ABDURREZZAK’TAN DEĞİL, REZZÂK’TAN
Pek çok sûfî zâtın menâkıbında olduğu gibi Kettânî’nin de Hızır’la sohbetleri oldu. Gönlü ondan aldığı feyz ve ilhamla doldu. Hızır’ın kendisine naklettiği bir hâdise tasavvuf ehlinin fâil-i mutlaka yönelişi konusuna da ışık tutmaktadır. Kettânî’ye Hızır şöyle anlatır: Birgün Yemen’de San’a camiine vardım. Halk meşhur hadis âlimi Abdürrezzâk’tan hadis dinliyordu. Baktım câmiin bir köşesinde bir genç başını önüne eğmiş oturuyordu. Gencin yanına sokuldum ve ona: “Halk Abdürrezzâk’tan hadis dinliyor, sen ise burada oturuyorsun. Niye derse katılmıyorsun?” diye sordum. Bana şu karşılığı verdi: “Halk Abdürrezzâk’ı dinliyor, ben ise Rezzâk’ı dinliyorum; sen de beni Abdürrezzâk’ı dinlemeye çağırıyorsun.” Bunun üzerine ben de: “Eğer doğru söylüyorsan benim kim olduğumu bil!” dedim. O da: “Sen Hızır’sın” dedi ve başını önüne eğdi. Elbette ki Abdürrezzâk’tan değil, Rezzâk’tan duyup dinleyebilmek rûhî kemal isteyen bir iş.
TASAVVUF VE EDEB
Tasavvuf yolunu bir üstaddan edeb öğrenmekten geçtiğini söyler ve “Bir üstaddan edeb öğrenmeyen boştur. Bedeninle dünyada kalbinle âhirette ol!” derdi.
İşe başlarken azim ve kararın önemine inanır ve derdi ki: “Allah’tan bir iş için başarı talebinde bulunacağın zaman hemen başarmak istediğin işi yapmaya başla; niyetini kuvveden fiile çevir.”
Şöyle derdi:
Üç şey vardır ki ins ve cinnin amellerinin tümünden daha değerlidir:
- İnsanın gafletten uyandığında ürpermesi (yakaza hali),
- Yakaza ile ürperince nefsin isteklerine set çekmesi,
- Hakk’a vâsıl olurken uyanık bir gönle sahip olmak.

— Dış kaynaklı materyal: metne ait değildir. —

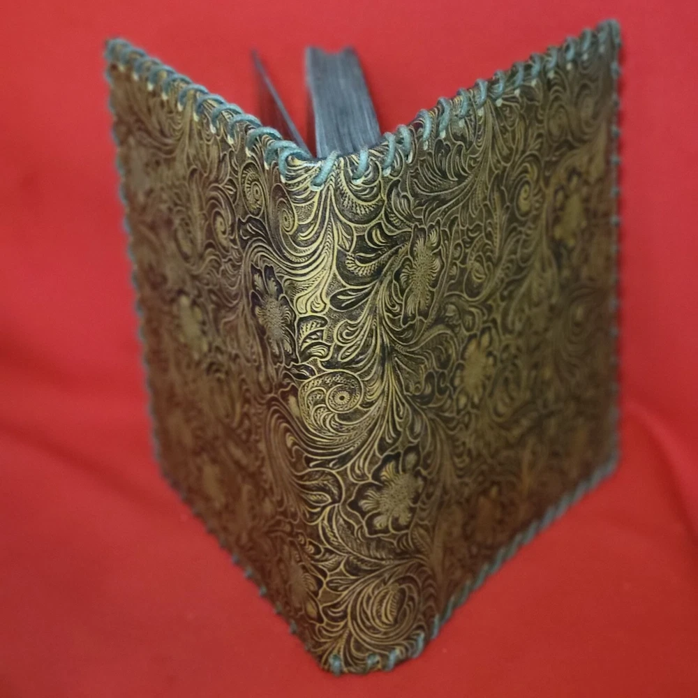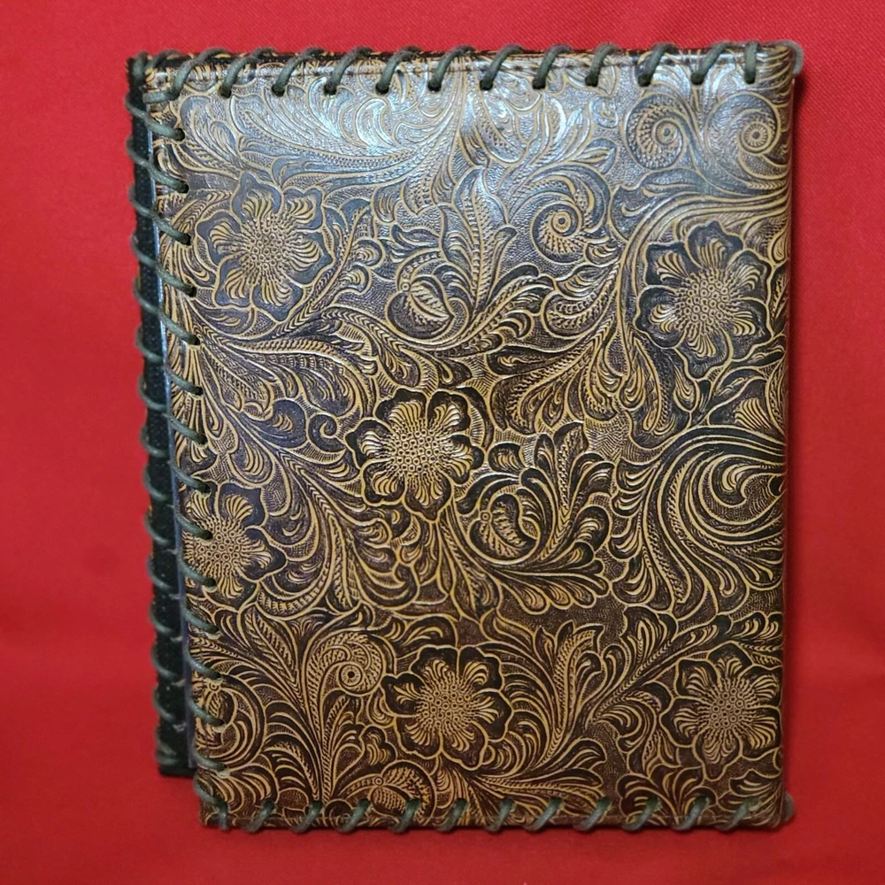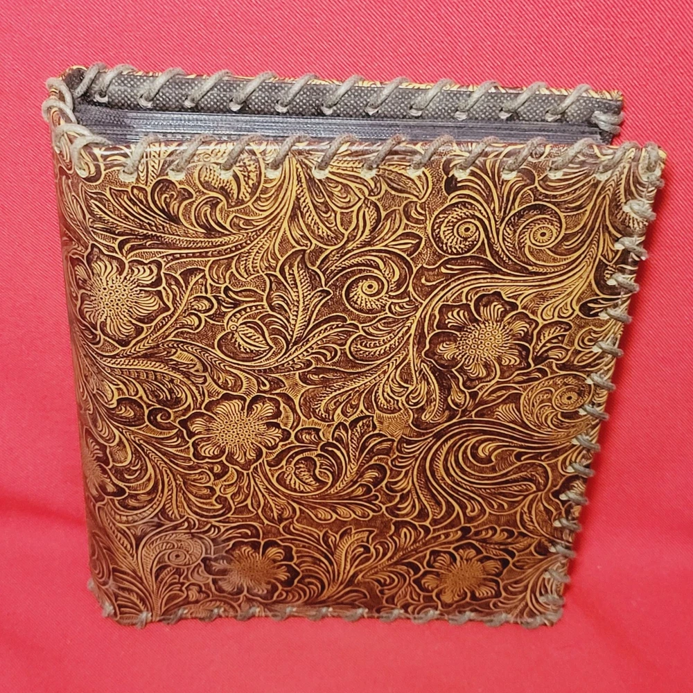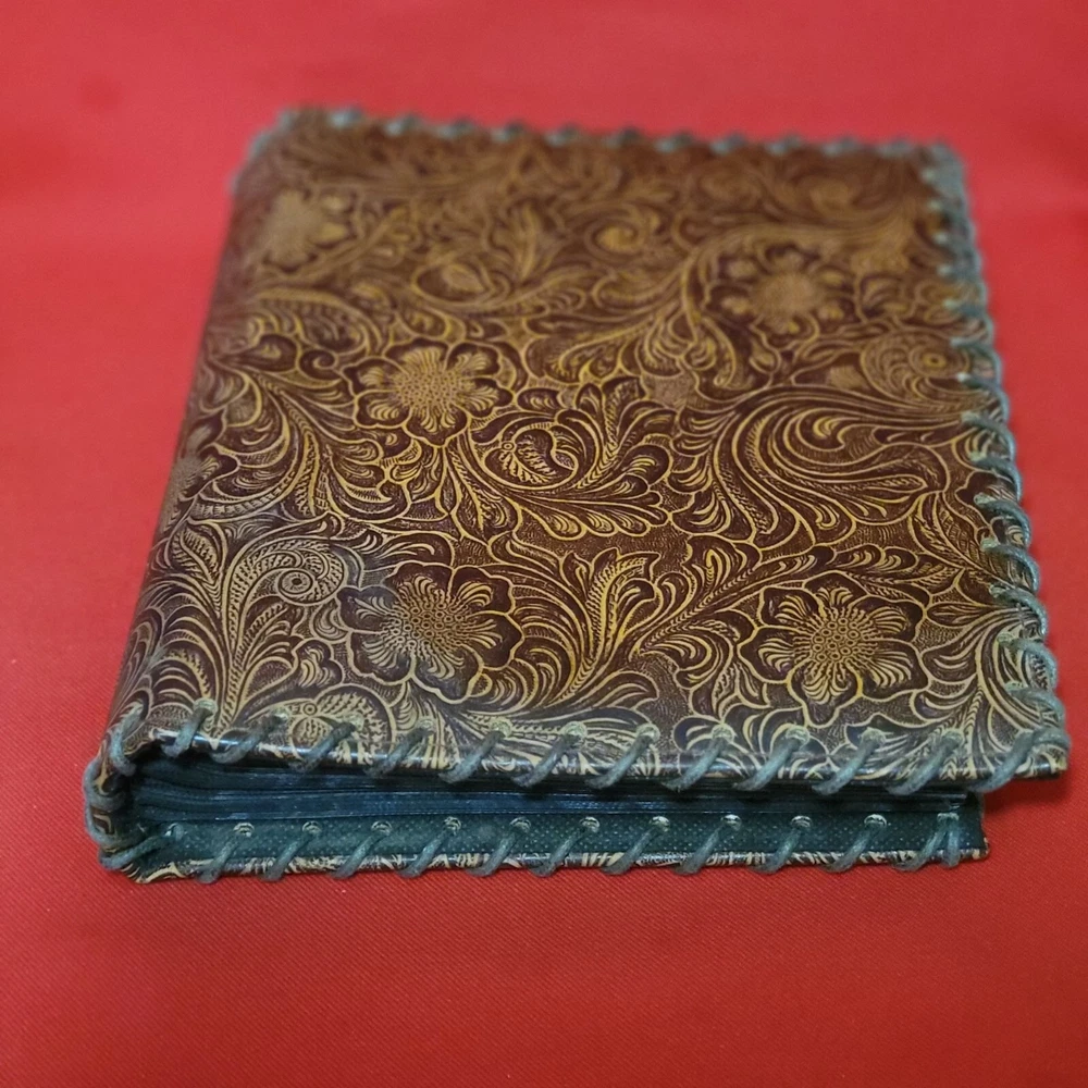 Vintage Leather Bound Photo Album Book Embossed Leather Floral Saddle Design Embossed Leather Floral Saddle Holds 208 4x 6 inch Prints 52 pages x 4 slot pictures = 208 Measurements: 7.75 x 2 x 9.25 in Weight: 1 lb 5.4 oz Features: • Photo Album Condition: Pre-Owned Good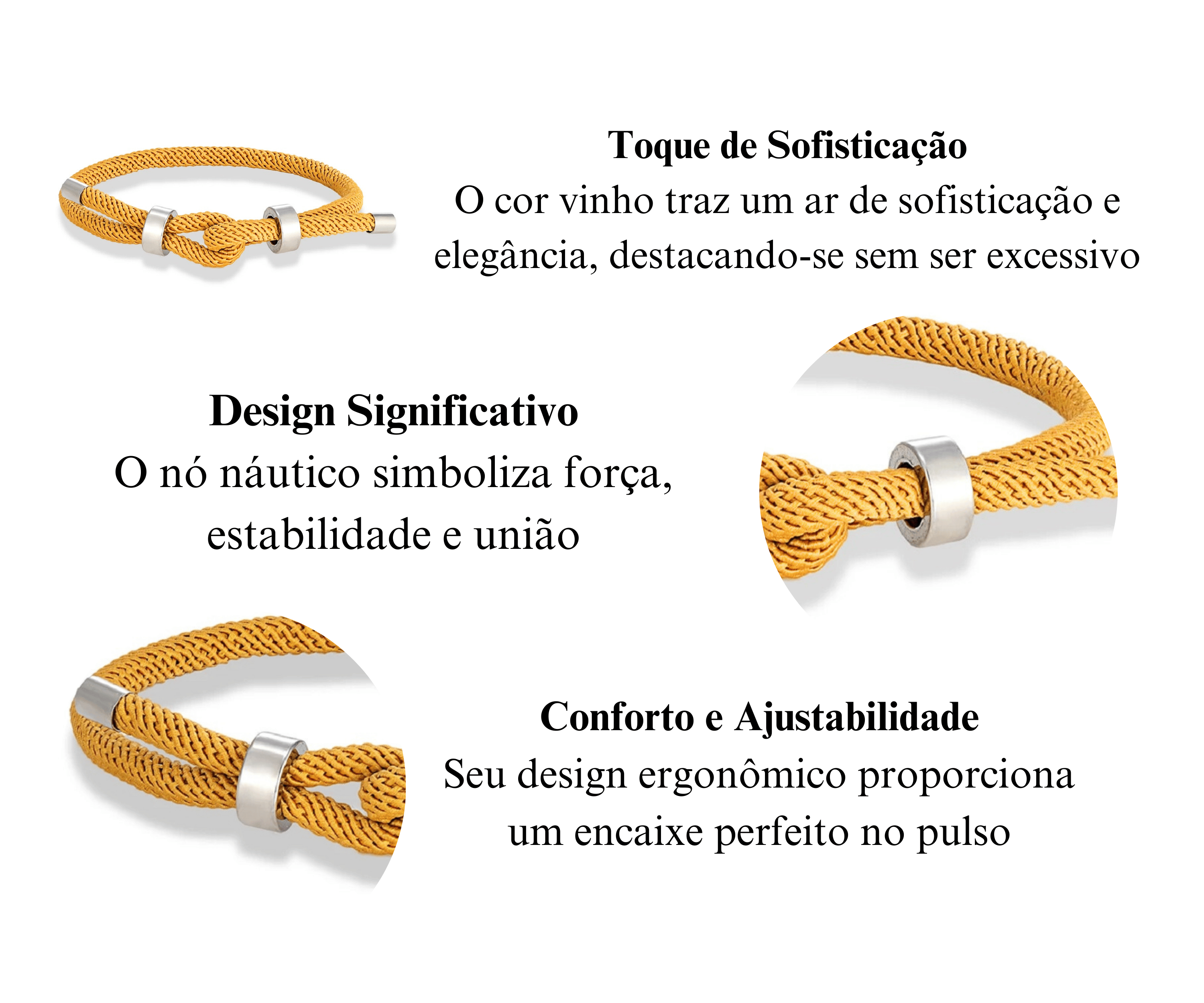 A Pulseira Nó Náutico Amarelo é o acessório ideal para quem busca um toque de sofisticação com um design inspirado no universo náutico. Feita em corda resistente na cor amarelo e com um fecho robusto em aço inox, essa pulseira une elegância e durabilidade para acompanhar o seu dia a dia. O nó central não é apenas um detalhe estético, mas também um símbolo de força, conexão e resiliência.

Şehvet’in insanın ayağını kaydıracağından endişe eder ve derdi ki: “Şehvet şeytanın insana taktığı bir yulardır. Kim bu şeytan yularını takınırsa şeytana kuldur.”
Sordular:
– İlim ehlinin tartışmasız kabul ettiği sünnet hangisidir? Şu karşılığı verdi:
– Dünyaya karşı zâhid olmak, engin bir gönül, yâni kalbî zenginlik ve halka nasihat.
O bu sözüyle Allah Rasûlü’nün zühd tarifini anlatıyordu. Bir başka seferinde de “zühd nedir?” diye soranlara “Herhangi bir şeyin elden çıkışına kalben üzülmeyip sevinmek; kamu halkın eziyetini yüklenmek, Hakk’tan gelen her türlü ezâ, cefâ ve kazâyı kabullenmek. Bu da ne ki, ben daha ağırına müstehakkım, diyebilmek.”
ZÂHİDLİKTEN ARİFLİĞE
Zâhidlikten ârifliğe doğru yükselen yolda irfânın özelliklerini de şöyle sayardı: Ârif, Mâruftan; yâni Mâbûd’dan gelen emre baş eğer, hiçbir hâlinde O’na muhalif olmayan; O’nun sevdiklerini de severek sevgisini kazanan ve göz açıp kapayacak kadar zaman bile olsa O’ndan gâfil olmayandır. Sûfîliği hürriyetin başlangıcı olarak görürdü. Derdi ki: “Sûfîler zâhirde kul ve köle gibidir, ama gerçekte ve bâtında nefs esâretinden kurtulmuş hürlerdir.”
Şöyle derdi:
“Hakk Teâlâ, hakikat tecellileriyle bir defa insanın sırrına tecelli ederse ondan zan kalkar, yersiz arzu ve istekler erir. Çünkü Hakk Teâlâ zâtı ile bir defa sır âlemini istilâ etti mi orada ne varsa hepsini yok eder. Sadece O kalır.”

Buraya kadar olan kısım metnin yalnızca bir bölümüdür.